■ Directions ■
In this exercise, the entries below include pictures. Repeat exactly the lines from the line with "Samedi 1er avril" to the line with "- Comprehensive Packaging: this", including both, but without the pictures.

■ Extracted records ■
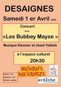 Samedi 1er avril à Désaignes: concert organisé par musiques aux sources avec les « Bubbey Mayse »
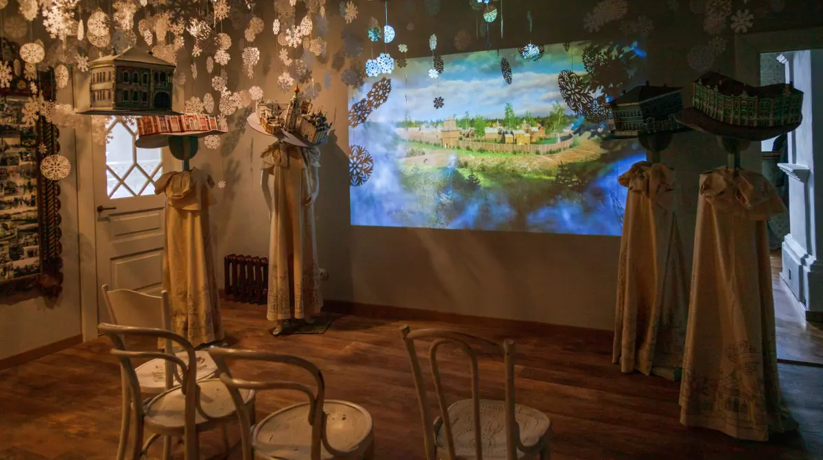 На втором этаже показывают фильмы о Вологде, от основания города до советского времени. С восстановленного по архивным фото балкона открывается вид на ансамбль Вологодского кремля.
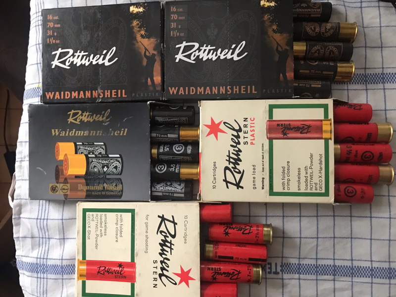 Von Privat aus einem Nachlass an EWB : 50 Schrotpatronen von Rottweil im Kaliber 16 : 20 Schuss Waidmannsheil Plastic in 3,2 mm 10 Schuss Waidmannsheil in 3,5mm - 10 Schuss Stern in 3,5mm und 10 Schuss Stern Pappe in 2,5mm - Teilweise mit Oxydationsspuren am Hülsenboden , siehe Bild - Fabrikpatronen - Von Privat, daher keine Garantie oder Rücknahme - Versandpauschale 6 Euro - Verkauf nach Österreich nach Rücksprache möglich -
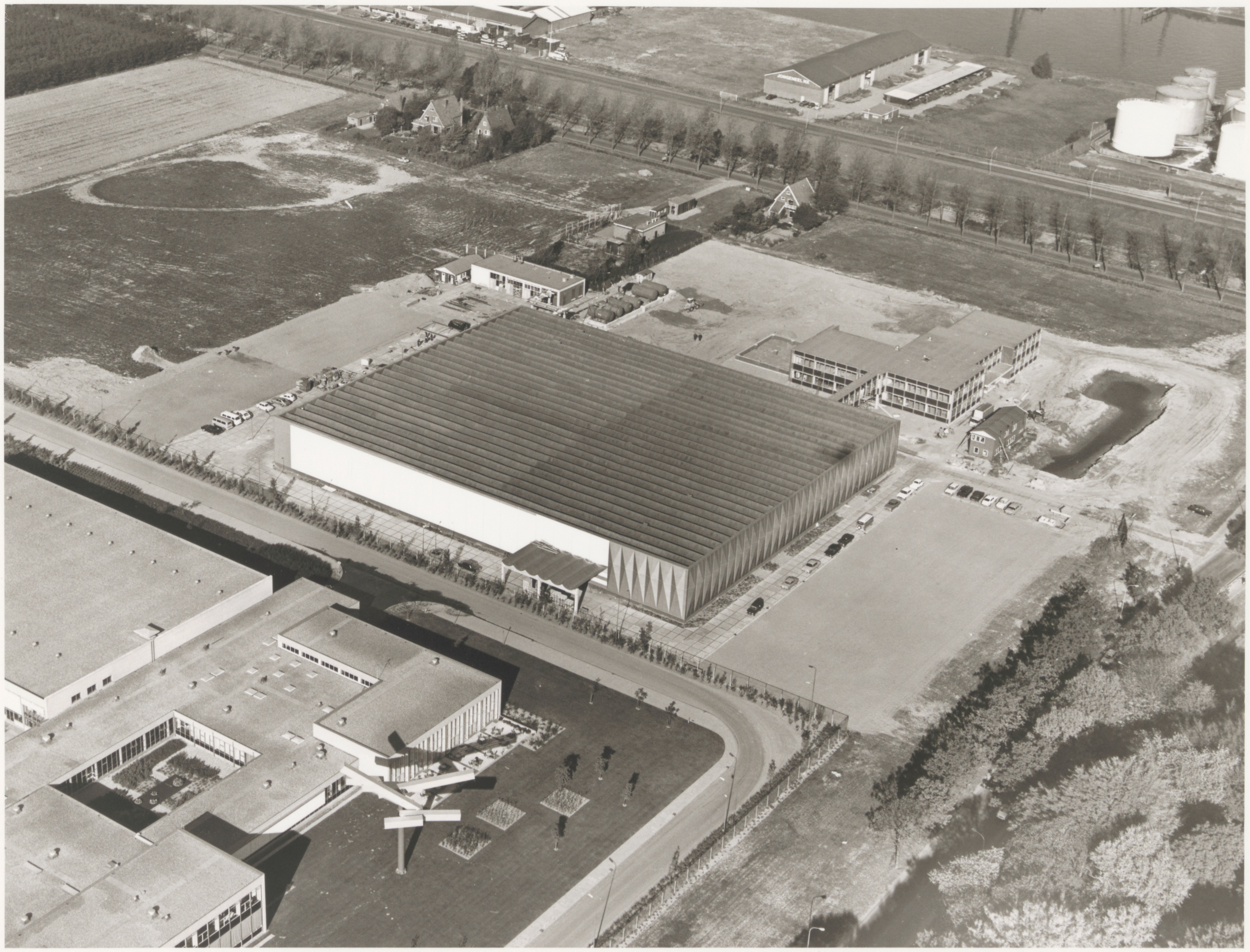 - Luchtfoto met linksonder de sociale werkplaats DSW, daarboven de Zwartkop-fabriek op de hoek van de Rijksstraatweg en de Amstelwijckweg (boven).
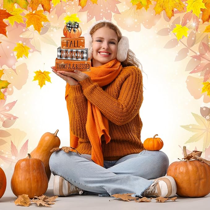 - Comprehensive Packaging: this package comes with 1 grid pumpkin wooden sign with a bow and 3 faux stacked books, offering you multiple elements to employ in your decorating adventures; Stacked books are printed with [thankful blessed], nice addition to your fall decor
* * *
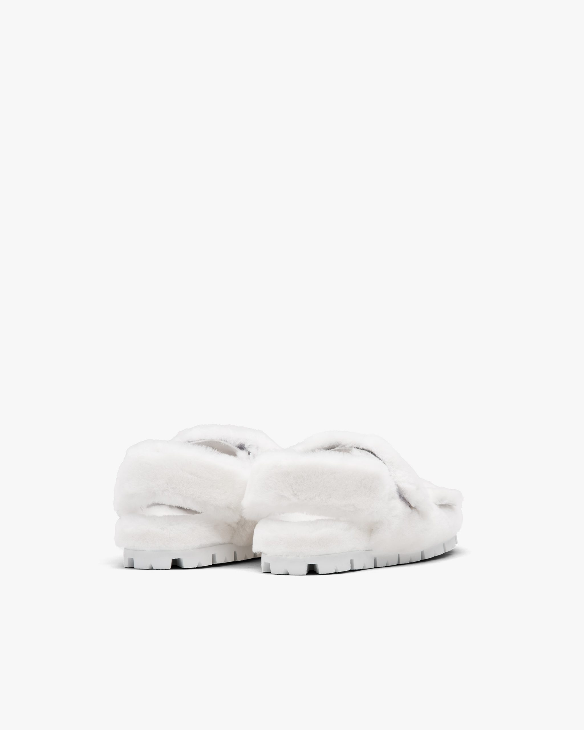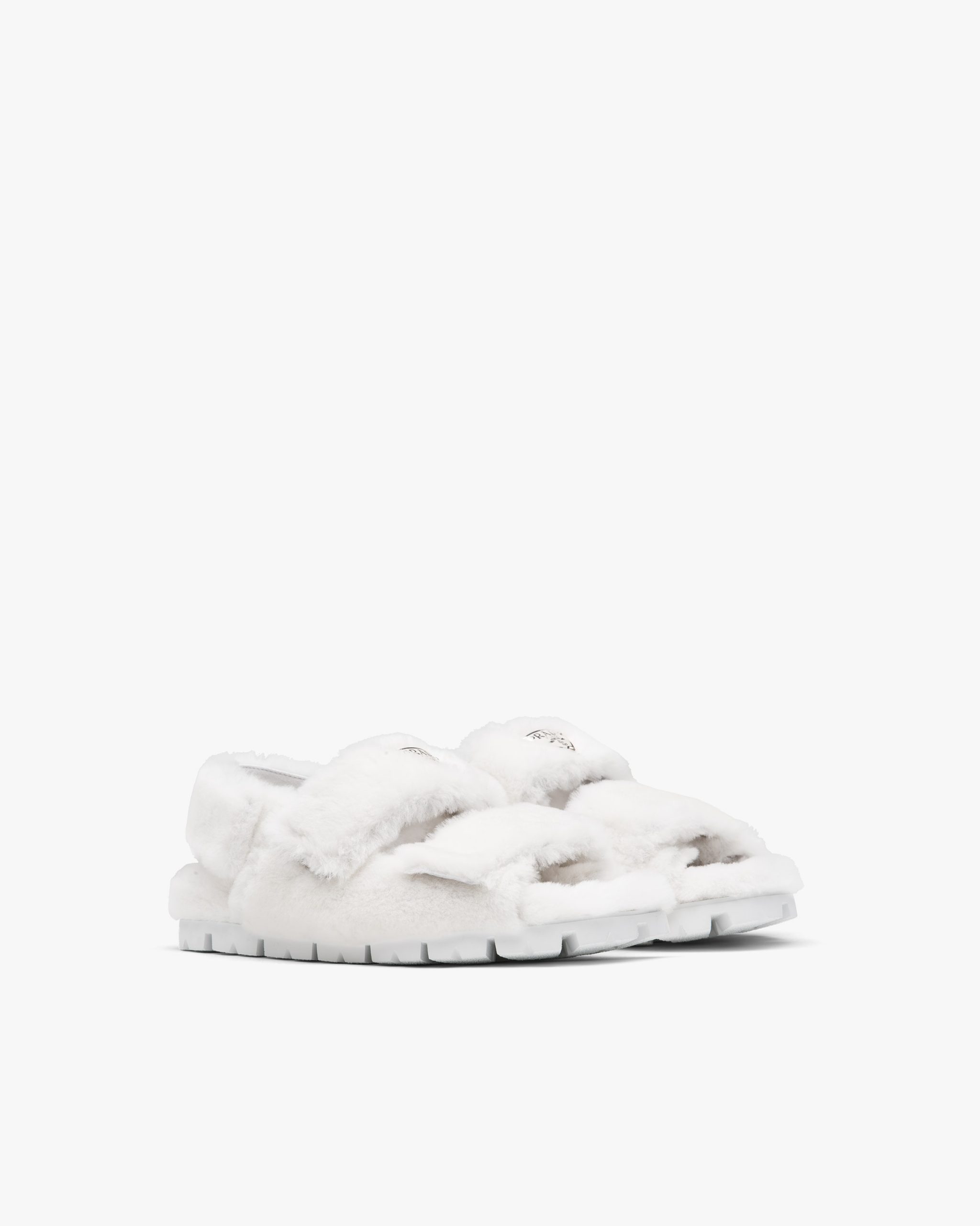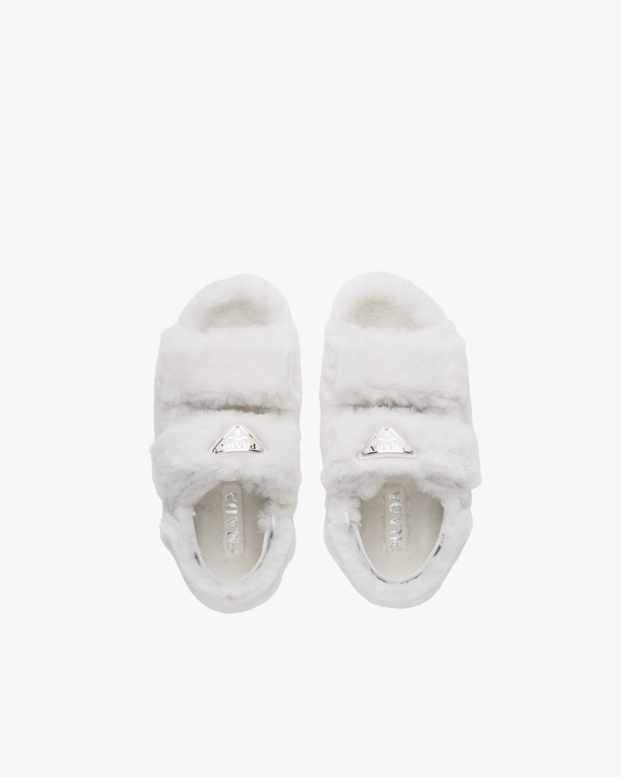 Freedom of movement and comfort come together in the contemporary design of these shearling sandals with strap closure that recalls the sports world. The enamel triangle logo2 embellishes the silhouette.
* * *
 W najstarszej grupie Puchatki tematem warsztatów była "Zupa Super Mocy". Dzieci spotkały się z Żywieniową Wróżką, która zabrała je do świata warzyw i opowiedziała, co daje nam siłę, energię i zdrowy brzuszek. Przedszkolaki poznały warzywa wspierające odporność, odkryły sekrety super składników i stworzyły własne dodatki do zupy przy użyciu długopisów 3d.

■ Task solution ■
 Samedi 1er avril à Désaignes: concert organisé par musiques aux sources avec les « Bubbey Mayse »
 На втором этаже показывают фильмы о Вологде, от основания города до советского времени. С восстановленного по архивным фото балкона открывается вид на ансамбль Вологодского кремля.
 Von Privat aus einem Nachlass an EWB : 50 Schrotpatronen von Rottweil im Kaliber 16 : 20 Schuss Waidmannsheil Plastic in 3,2 mm 10 Schuss Waidmannsheil in 3,5mm - 10 Schuss Stern in 3,5mm und 10 Schuss Stern Pappe in 2,5mm - Teilweise mit Oxydationsspuren am Hülsenboden , siehe Bild - Fabrikpatronen - Von Privat, daher keine Garantie oder Rücknahme - Versandpauschale 6 Euro - Verkauf nach Österreich nach Rücksprache möglich -
 - Luchtfoto met linksonder de sociale werkplaats DSW, daarboven de Zwartkop-fabriek op de hoek van de Rijksstraatweg en de Amstelwijckweg (boven).
 - Comprehensive Packaging: this package comes with 1 grid pumpkin wooden sign with a bow and 3 faux stacked books, offering you multiple elements to employ in your decorating adventures; Stacked books are printed with [thankful blessed], nice addition to your fall decor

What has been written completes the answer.